London-based Atmos Studio, San Francisco’s John Marx and Finland’s JKMM show off desert pavilions
Practices bound for this year’s Burning Man festival in Nevada’s Black Rock Desert have unveiled some of the pavilions and installations event-goers will be able to experience.
London-based Atmos Studio has already started work on its PlayaScape feature, which it said “spliced the genes of a Euclidean radial amphitheatre with a fantasy landscape more familiar from sandstone canyons and termite-mound tower”.
It added that series of stepped contours at varied degrees of steepness around a semi-circular bowl echoed the plan of Black Rock City at the same time as “offering a space for the community to connect and interact”.
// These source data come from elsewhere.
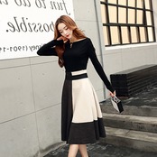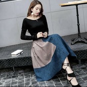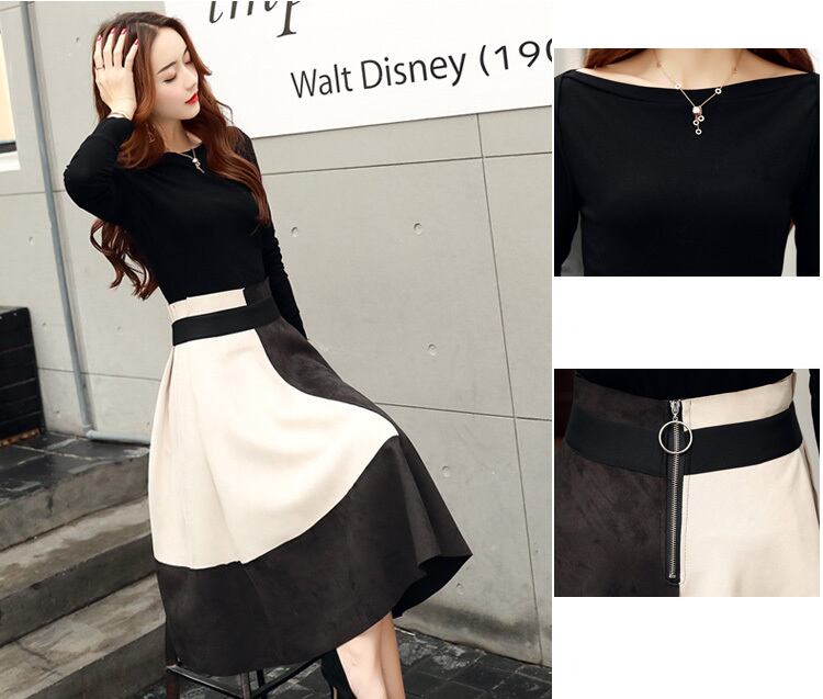バイカラーの配色デザインが印象的なミモレ丈スカートと黒のトップスの2点セットです。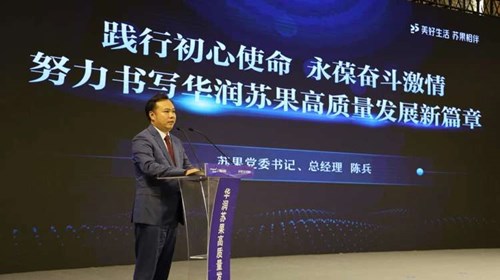 “践行初心使命、永葆奋斗激情,努力书写华润苏果高质量发展新篇章。”华润苏果党委书记、总经理陈兵在大会报告中,深情回顾质朴赤诚的创业初心和筚路蓝缕的奋斗历程,描绘未来高质量发展的“苏果蓝图”。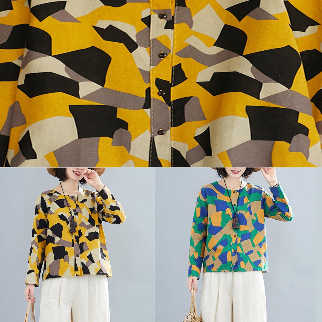 French O Neck Button Down Shirts Inspiration Yellow Geometric Top
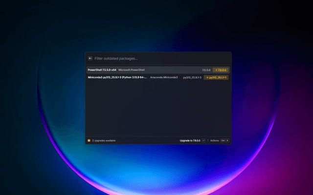 Search, install, and upgrade Windows packages directly from Raycast using Windows Package Manager (winget).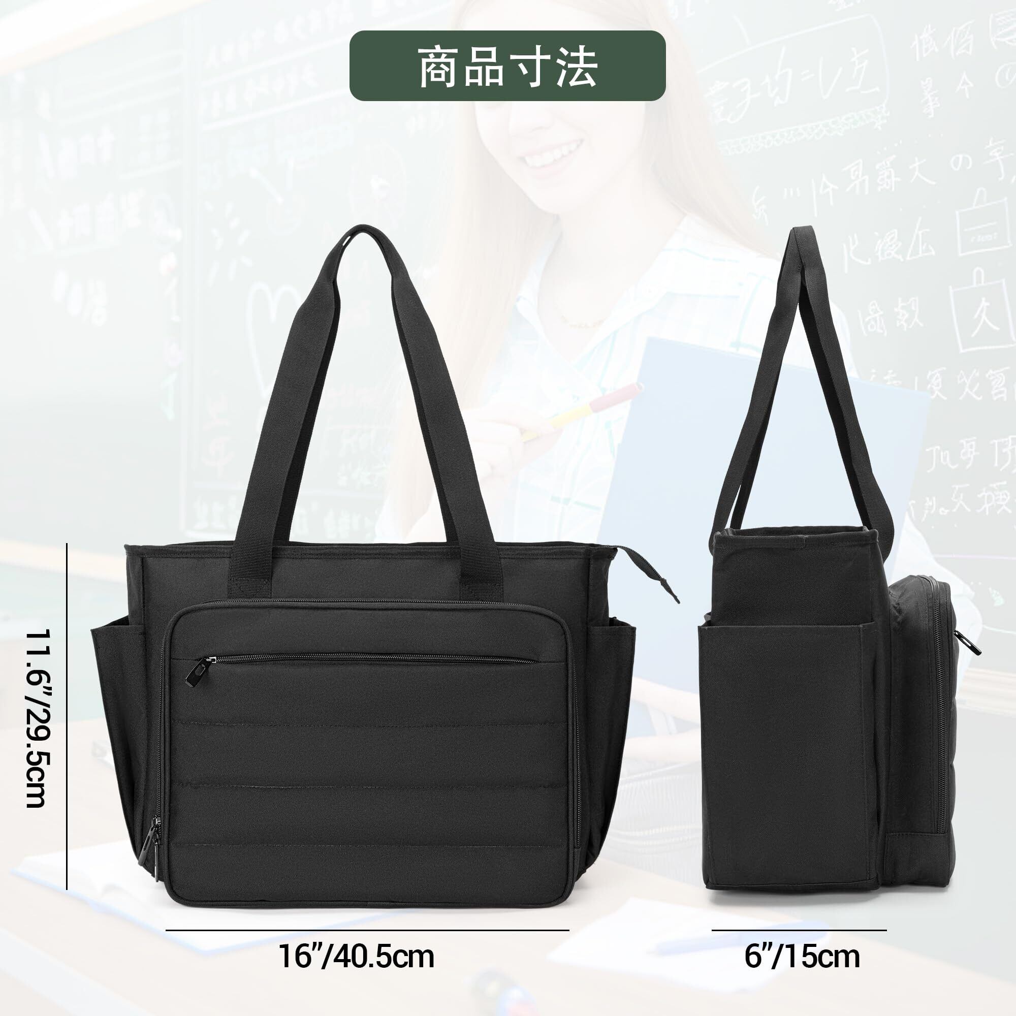 大容量教師バッグ: 大きいメイン室は、フォルダー、書類、バインダーなどの持ち運びには便利です。パッド入りのスリーブには、15.6インチのラップトップを収納できます。個人用品を収納できるメッシュポケットが付いています。(バッグのみ)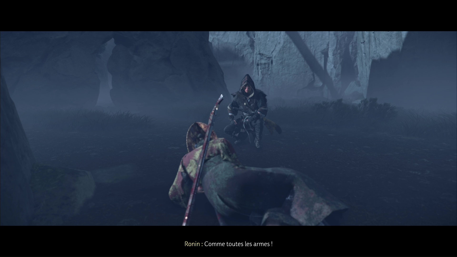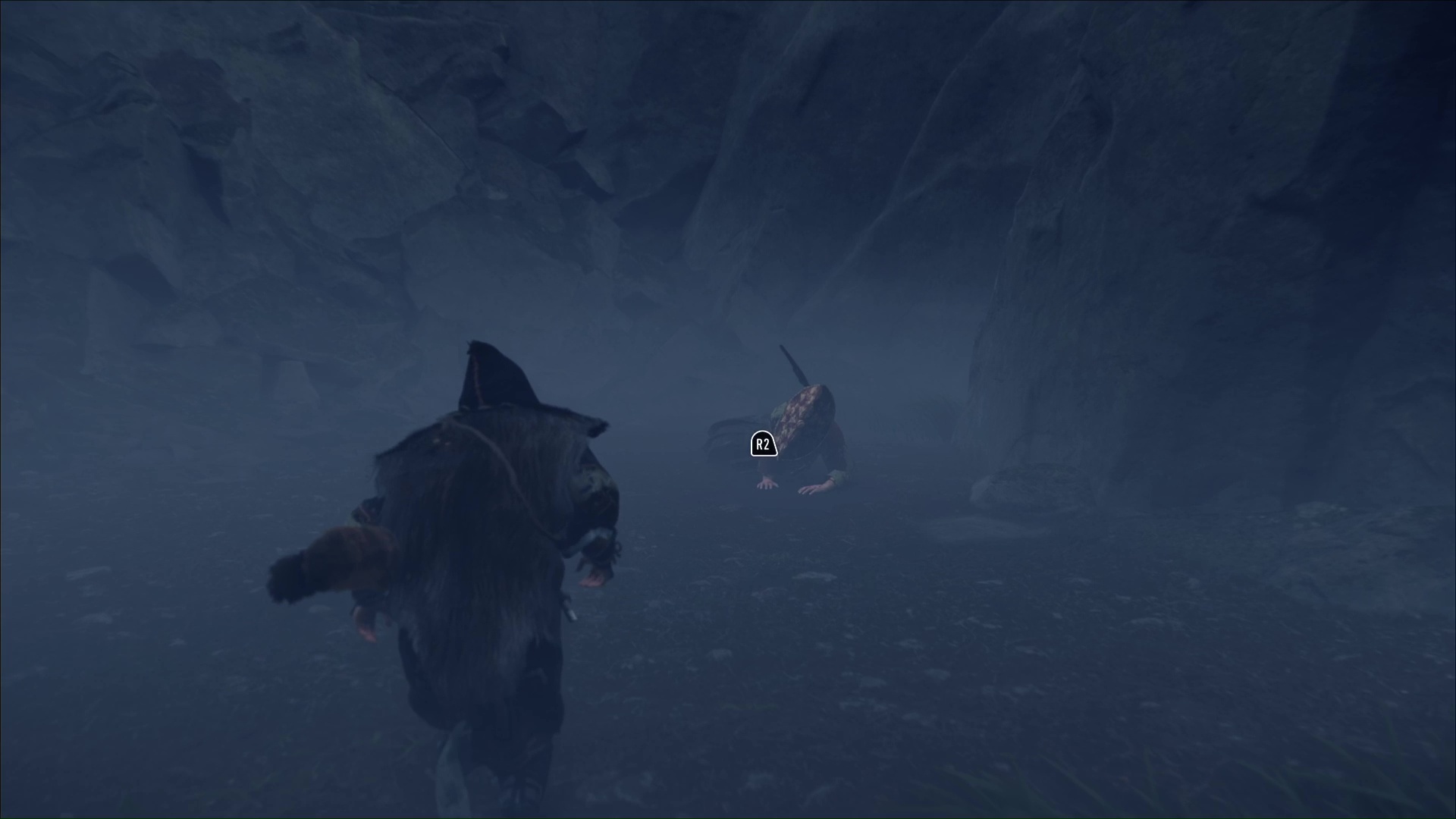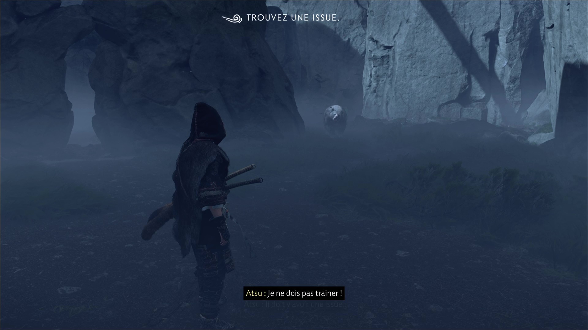 De nouveau sur pied, avancez droit devant pour vous faufiler à travers une ouverture. De l’autre côté, allez examiner un homme en difficulté, au bout de la zone. Il vous explique que l’ours est immortel et que vos armes n’ont aucun effet sur lui. N’essayez donc même pas de l’avoir avec votre arc.

San Francisco-based John Marx’s “Andromeda Reimagined” installation takes the form of a five-sided pyramid that is illuminated from inside, projecting “whimsical light” on to the night-time desert floor. Inside, its plush interior pays homage to Andromeda with four oval paintings by Mary Graham and a hanging panel displaying the structure’s thematic poem, “How Brightly”.
Marx said the structure related to the “infinite potential of the stars in the sky – specifically the Andromeda constellation, but not in any literal way”.
The festival, which runs from August 25 to September 2, will also include the Steam of Life sauna by Finnish practice JKMM.